心的外傷を伴うフィスチュラは、レイプを受けた際に細胞組織が破壊されることによって起こり、尿や便(またはその両方)の慢性的失禁を引き起こす。国連人口基金は、難産や適切な産科ケアが行われないことが原因で生じるフィスチュラに対しても積極的に取り組んでいる。

マンガ医師は、以下のように語る。「レイプやそれに伴う心的外的後遺症のケアには、新しい治療薬が必要ですが未だ整っていません」、「5歳以下、さらには1歳の幼い少女や赤ん坊がフィスチュラを患っているなんて思いもよりませんでした。私たちは今新しい状況に直面しています。これらの問題に対処するには西欧の医療関係者との情報交換が必要です」。

彼はさらにこうも語った。
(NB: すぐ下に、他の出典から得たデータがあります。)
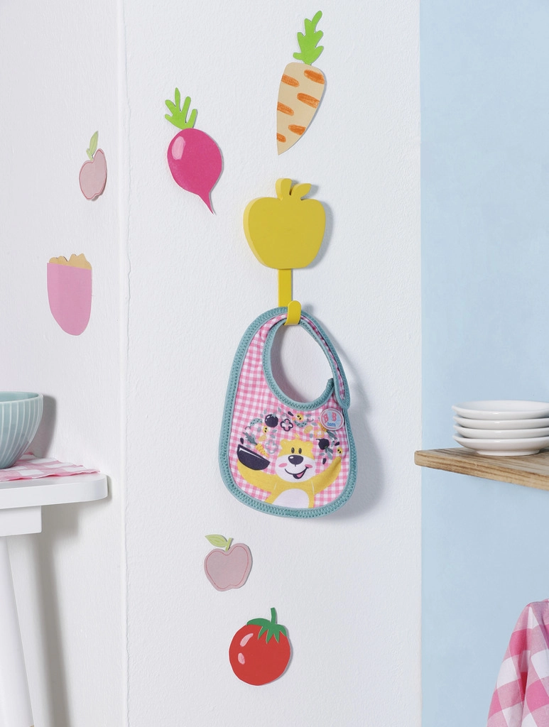 Complétez le trousseau de votre poupée avec un bavoir stylé pour BABY born 43 cm. Deux designs différents raviront les petits et petites soignant·e·s : l’un avec de joyeux légumes et un lapin, l’autre avec un adorable ours chef cuisinier. Les bavoirs sont doux, confortables et protègent les vêtements de la poupée pendant le repas.
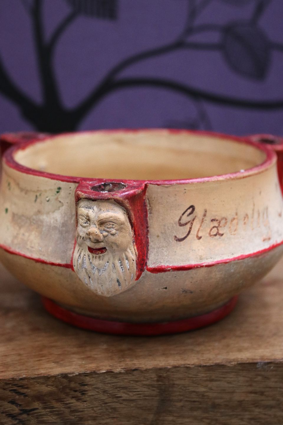 Nice, old Christmas bowl in terracotta decorated with 3 small elf heads where there is room for 3 small Christmas candles.
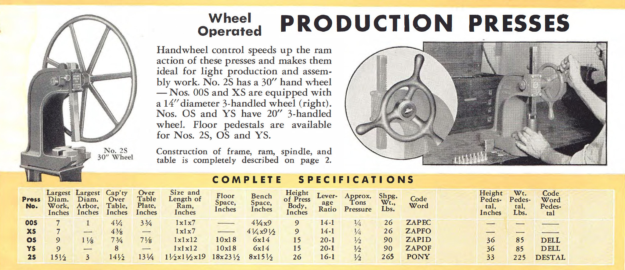 An old Atlas press, probably from around war time, mid 1940s? What seems to be very original, peeling gray paint and in very good working order. See the catalog images below from the Atlas 1943 catalog.
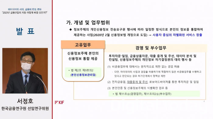 연구원은 지난해 6월과 7월 코로나19 위기 이후 금융산업의 디지털 대전환을 조명하는 행사를 연이어 개최했다. 또 7월 오픈뱅킹 도입성과와 발전방향 세미나를, 10월에는 디지털 금융 확산과 은행의 대응을 주제로 한 행사를 열었다. 10월 포스트 코로나 시대 비대면 은행 서비스와 관련된 행사를 마련했고 같은달 국제 핀테크 행사도 개최했다. 올해 금융연구원의 첫 행사도 마이데이터 시대 금융의 판도 변화에 관한 것이었다.
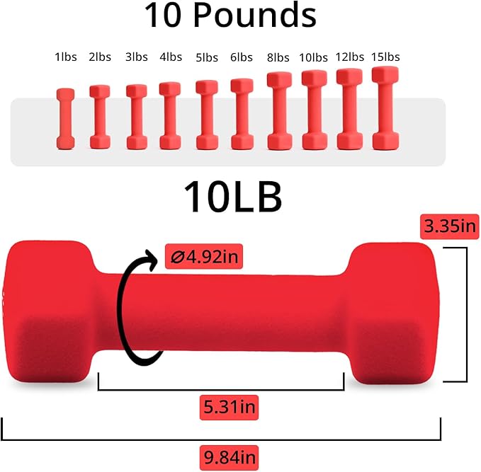 Portzon Weights Dumbbells 10 Colors Options Compatible with Set of 2 Neoprene Dumbbells Set,1-15 LB, Anti-Slip, Anti-roll, Hex Shape for Shoulder,Neck, and Hand Training for Seniors

「約2万5,000人の女性や少女がレイプされ、継続的支援を必要としています。」「アフリカでは、女性がレイプされると家族から見捨てられます。女性がフィスチュラを患い尿のにおいがすると、誰も彼女に近寄らなくなるのです」、「レイプが原因によるフィスチュラが226件あり、手術の約20パーセントが失敗しています」。
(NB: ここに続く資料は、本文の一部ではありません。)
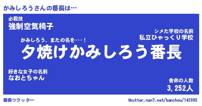 | 伝説のあだ名 | 『封印されしスナイパーかみしろう』 |
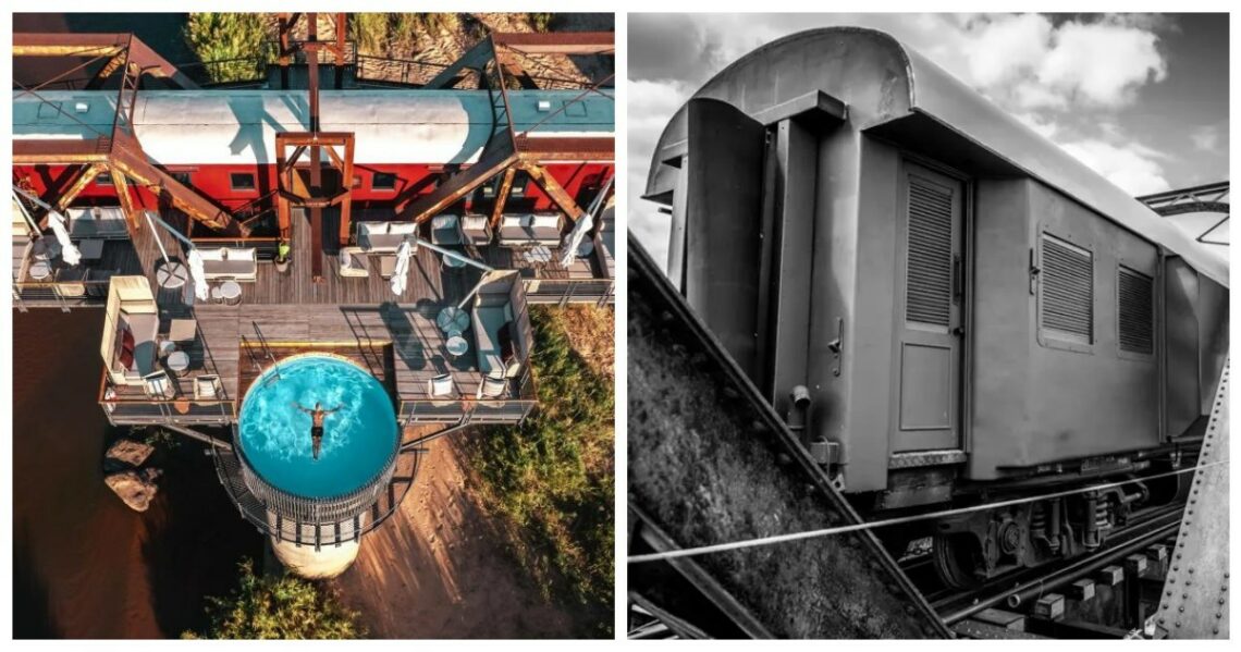 Гости могут остановиться в одном из 24 стильных номеров в переоборудованных вагонах или выбрать роскошный стеклянный домик на мосту с панорамным видом. Многие номера имеют отдельные бассейны, нависающие прямо над рекой.

「レイプされた女性と少女の90パーセントは何らかの性感染症に感染していて、約10パーセントがHIV陽性です」と、マンガ医師は参加者に説明した。「レイプされた子供たちのHIV感染を防ぐための治療はとても困難です。子供たちの体格に合うように薬を調合することが難しいのです」、「HIVに感染している子供たちは栄養失調であり周囲からも疎外されています。私たちが薬を調合しても、子供たちは衰弱しているので過量摂取となってしまう可能性があります」と語る。薬と医療用品の不足を軽減し、医療関係者に必要なトレーニングを提供し、紛争で被害を受けた病院や診療所の復旧のために国際的な支援を呼びかけた。

ガザ地区にあるブレイジュ(Bureij)女性保健センターのファーヤル・タベット(Feryal Thabet)医師からも報告があった。「イスラエルとの国境閉鎖や拡大する紛争は、女性の健康悪化や女性に対する暴力の増加を引き起こしています」。

タベット医師は、「パレスチナの妊産婦の3分の1以上が貧血症です。早期結婚が増えるにつれて、危険性の高い妊娠も増えています」と語った。

「検診のためにセンターを訪れる妊産婦の数は減っていて、2005年には妊産婦の80パーセントは出産後のケアを受けませんでした。また、何の医療補助もない状態で61件もの出産が行われました」とタベット医師は語り、続けて失業率と貧困の増加に言及しながら「適切な産科ケアへのアクセスや避妊具を含む医療品の不足により女性が弱い立場に追いやられ、安全でない性交渉が増えています」と述べた。

本シンポジウムは政府と国連機関、NGO団体が参加し、紛争中・後における性的暴力の生存者のニーズにこたえるための行動を呼びかけるために実施されている。